# This is rich!



## Jeff54 (Feb 11, 2015)

http://tampa.craigslist.org/pnl/bik/4887252685.html

Not only does the guy exaggerate, he's even more long winded than ME!, No worries he also does a $450 solid, wrong color paint job too! 

Hurry this wont last.


----------



## GTs58 (Feb 11, 2015)

Oh for heavens sake.   What god awful color is that! And what are you guys in Florida smoking?   I suppose someone could sand blast that and maybe make a nice bike out of it.


----------



## Jeff54 (Feb 11, 2015)

GTs58 said:


> Oh for heavens sake.   What god awful color is that! And what are you guys in Florida smoking?   I suppose someone could sand blast that and maybe make a nice bike out of it.

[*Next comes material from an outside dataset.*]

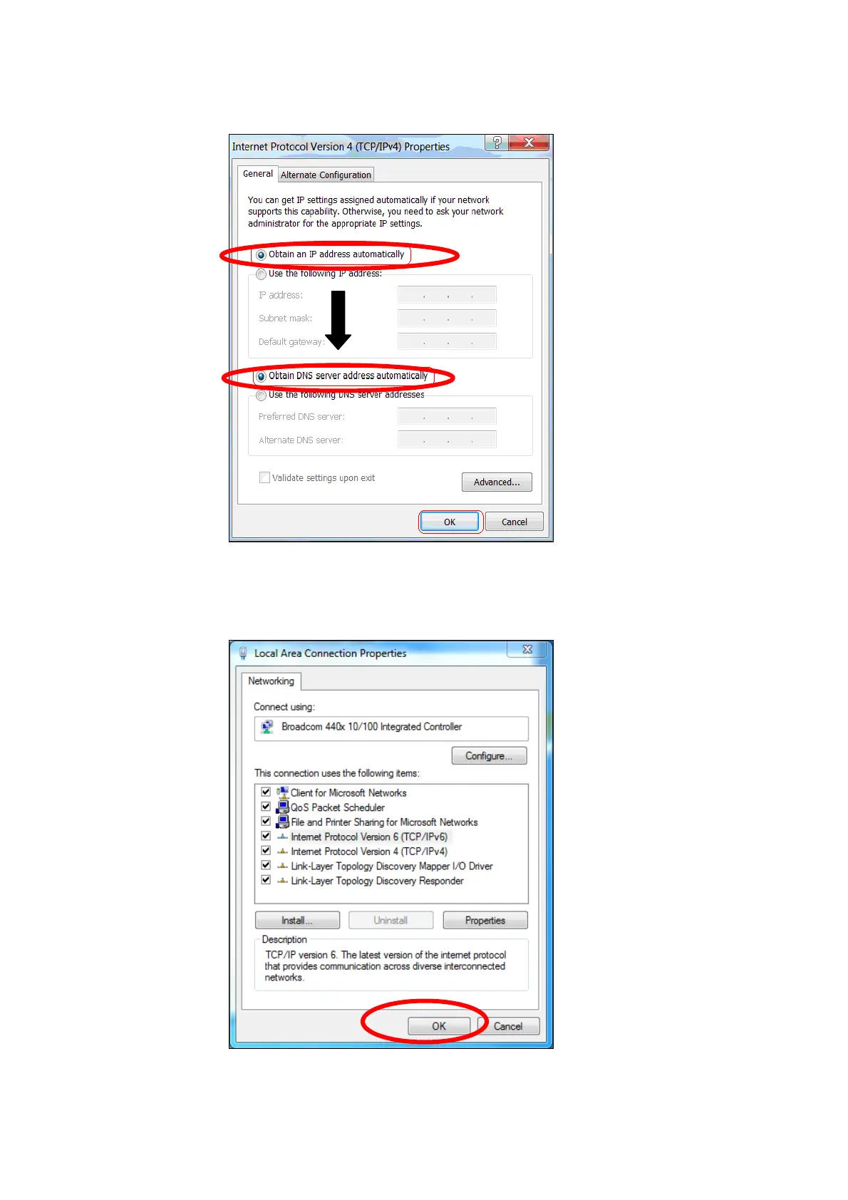 7. “Obtain an IP address automatically” and “Obtain DNS server address

I'm thinking he painted it fer his lover. "look Baby I did a $450 paint job on a classic Chevrolet Corvette ( see quoted notes from ad)  just for you!"

Reply: "I don't want no stinkin god awful stained bike ya creep!"

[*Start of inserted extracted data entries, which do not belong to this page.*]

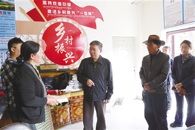 图为许成仓在琼结县拉玉乡强吉村调研主题教育开展情况。 本报记者 贾立军 摄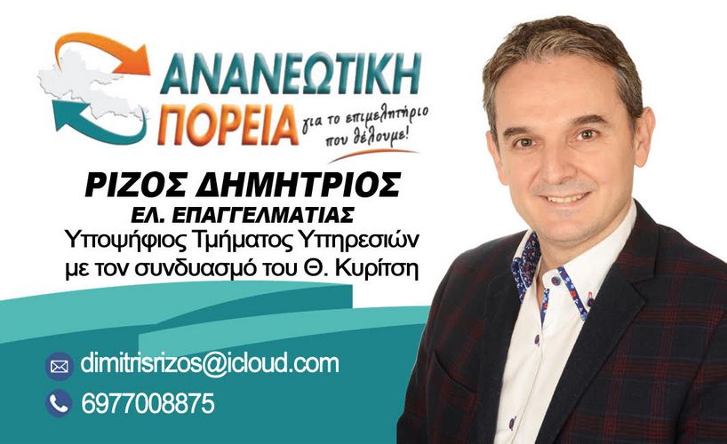 Ο Δημήτρης Ρίζος συμμετέχει στο ψηφοδέλτιο "ΑΝΑΝΕΩΤΙΚΗ ΠΟΡΕΙΑ" με τον συνδυασμό του Θανάση Κυρίτση.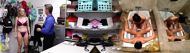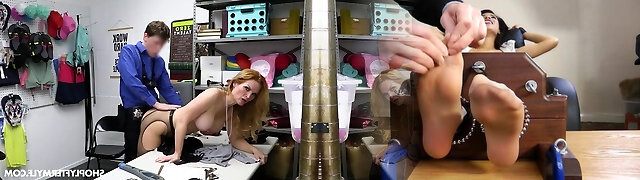 Red-haired shoplifter Aria Carson gets penalized in the security guard's office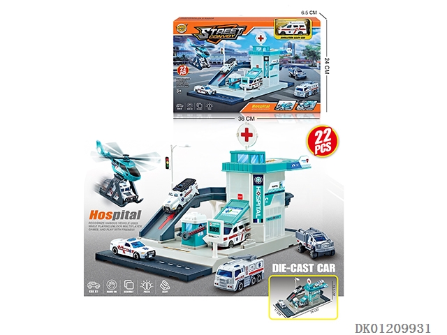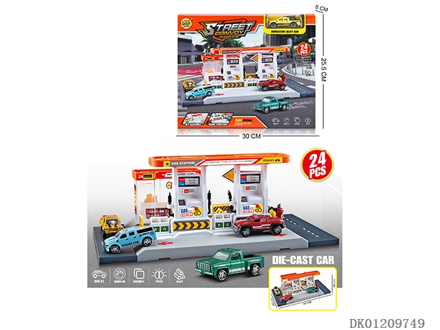城市加油站警察局组合配2只合金车(停车场)

Note in ad "make / manufacturer: Chevrolet 1958
model name / number: Christophe Moser
serial number: V76011"

So, he's bound to dump it on some loser who thinks it's a Chevy.


----------



## GTs58 (Feb 11, 2015)

I noticed he copied and pasted some text from Shadow27 and it seems most of this seller's text is copied. So what did you say they're smoking down in Florida?  lol  

Quote from ad after he forgot were he was listing the bike. 

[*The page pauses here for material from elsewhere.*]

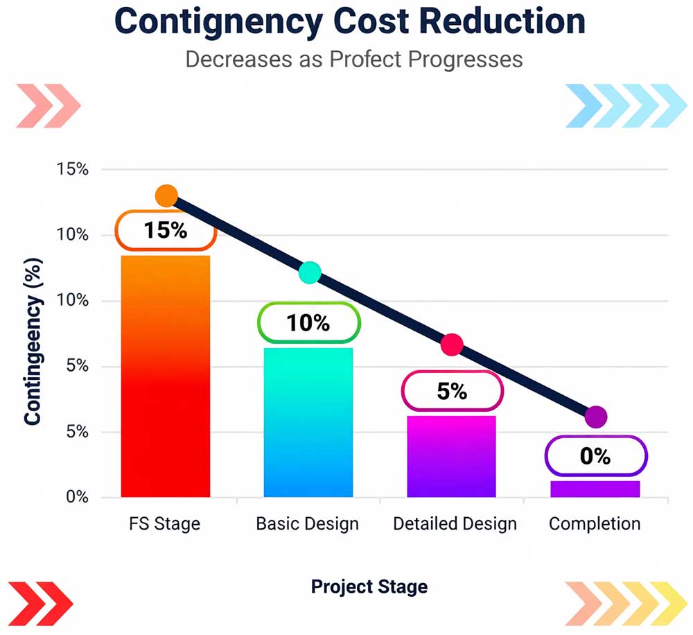 Contingencyは、工事請負会社契約金額とは別に発注者側社内予算に組み込んで管理します。Contingencyの集計には、個々のリスク発生確率(初期値としてはエイヤッと直感で決めることがほとんでしょう。)を設定し、それぞれのリスクが顕在化した場合の予測金額にその確率%を掛けて求めます。予測金額が1000万円で発生確率が10%なら100万円と計上します。そうやって、Contingency項目の合計を求めます。モンテカルロ法(詳細説明はここでは省きます。ご興味ある方はググってみてください。)を使って定量的根拠づけをすることもあります。ただ、それらリスク個別の想定費用を合計しても総額に対して大きな比率にならないこともあります。少なすぎるContingencyは、プロジェクト運営のリスクそのものになり得ますから、予算策定時、そして見直し時の設計進捗度に合わせて3%~15%のレンジを確保することが必要でしょう。プロジェクト進捗が進むにつれてリスクは減少するのでContingencyも予算管理の中で減額させてゆくのが通常です。不確定要素はプロジェクトによって異なるので一概に言えませんが、例えば、FS段階で15%, 基本設計段階で10%, 詳細設計段階で5%等々です。

_*Sold as is simply because it is used. I try my very best to describe as accurately as possible and disclose anything I am aware of about the bike. I try to be as honest as possible and never want to disappoint anyone. If you have any questions regarding any specific things concerning the bike, *please feel free to ASK via email before you bid.* *Keep in mind you are bidding on a 30+ year old bike that is not a brand new bicycle so it may need minor tuning, cables or cable adjustment, if tires are original, they may or may not have sidewall cracks, etc. *I try to be as honest as I can and disclose anything I know about the bike. I want you to be happy with your new vintage purchase but please understand the bike may need some tlc to be road ready._


----------



## Jeff54 (Feb 11, 2015)

> what did you say they're smoking down in Florida? lol




 Pink poop.


----------



## GTs58 (Feb 11, 2015)

Jeff54 said:


> Pink poop.




Never had any of that. Must be Cuban huh?


----------



## Jeff54 (Feb 12, 2015)

GTs58 said:


> Never had any of that. Must be Cuban huh?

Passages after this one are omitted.